TASK PROMPT | Among the lines below, restate word for word only those from the line with "La entrega de" through the line with "Trạng thái 3", with both end lines kept.

SUPPLIED INFORMATION |

*-*-*

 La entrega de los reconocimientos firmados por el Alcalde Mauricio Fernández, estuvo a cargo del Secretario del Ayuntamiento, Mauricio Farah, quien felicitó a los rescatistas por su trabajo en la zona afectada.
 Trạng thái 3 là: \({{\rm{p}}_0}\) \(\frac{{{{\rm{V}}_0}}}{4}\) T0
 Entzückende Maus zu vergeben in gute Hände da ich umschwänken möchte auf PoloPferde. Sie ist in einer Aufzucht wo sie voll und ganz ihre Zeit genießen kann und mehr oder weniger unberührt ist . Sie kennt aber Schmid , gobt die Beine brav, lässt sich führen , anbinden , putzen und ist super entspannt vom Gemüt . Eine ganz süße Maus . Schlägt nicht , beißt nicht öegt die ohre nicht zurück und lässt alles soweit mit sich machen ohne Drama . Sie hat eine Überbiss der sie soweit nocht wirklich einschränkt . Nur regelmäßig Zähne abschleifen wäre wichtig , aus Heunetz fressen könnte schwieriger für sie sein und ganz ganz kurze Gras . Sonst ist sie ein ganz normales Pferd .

*-*-*

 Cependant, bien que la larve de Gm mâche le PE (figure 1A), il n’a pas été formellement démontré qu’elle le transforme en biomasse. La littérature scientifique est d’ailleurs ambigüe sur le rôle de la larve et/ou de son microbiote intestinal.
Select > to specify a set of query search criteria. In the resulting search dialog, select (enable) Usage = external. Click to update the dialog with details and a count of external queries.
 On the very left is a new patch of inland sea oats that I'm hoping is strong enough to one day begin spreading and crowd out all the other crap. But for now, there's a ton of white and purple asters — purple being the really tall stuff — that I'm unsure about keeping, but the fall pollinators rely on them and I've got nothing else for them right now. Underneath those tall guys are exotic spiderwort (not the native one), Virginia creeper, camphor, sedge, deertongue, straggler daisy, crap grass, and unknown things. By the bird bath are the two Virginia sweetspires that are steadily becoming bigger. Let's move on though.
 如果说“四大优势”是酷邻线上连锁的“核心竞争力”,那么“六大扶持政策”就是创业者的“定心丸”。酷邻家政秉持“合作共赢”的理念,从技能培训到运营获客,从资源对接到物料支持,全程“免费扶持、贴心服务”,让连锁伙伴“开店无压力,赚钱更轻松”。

*-*-*

SOLUTION TO THIS TASK |
 La entrega de los reconocimientos firmados por el Alcalde Mauricio Fernández, estuvo a cargo del Secretario del Ayuntamiento, Mauricio Farah, quien felicitó a los rescatistas por su trabajo en la zona afectada.
 Trạng thái 3 là: \({{\rm{p}}_0}\) \(\frac{{{{\rm{V}}_0}}}{4}\) T0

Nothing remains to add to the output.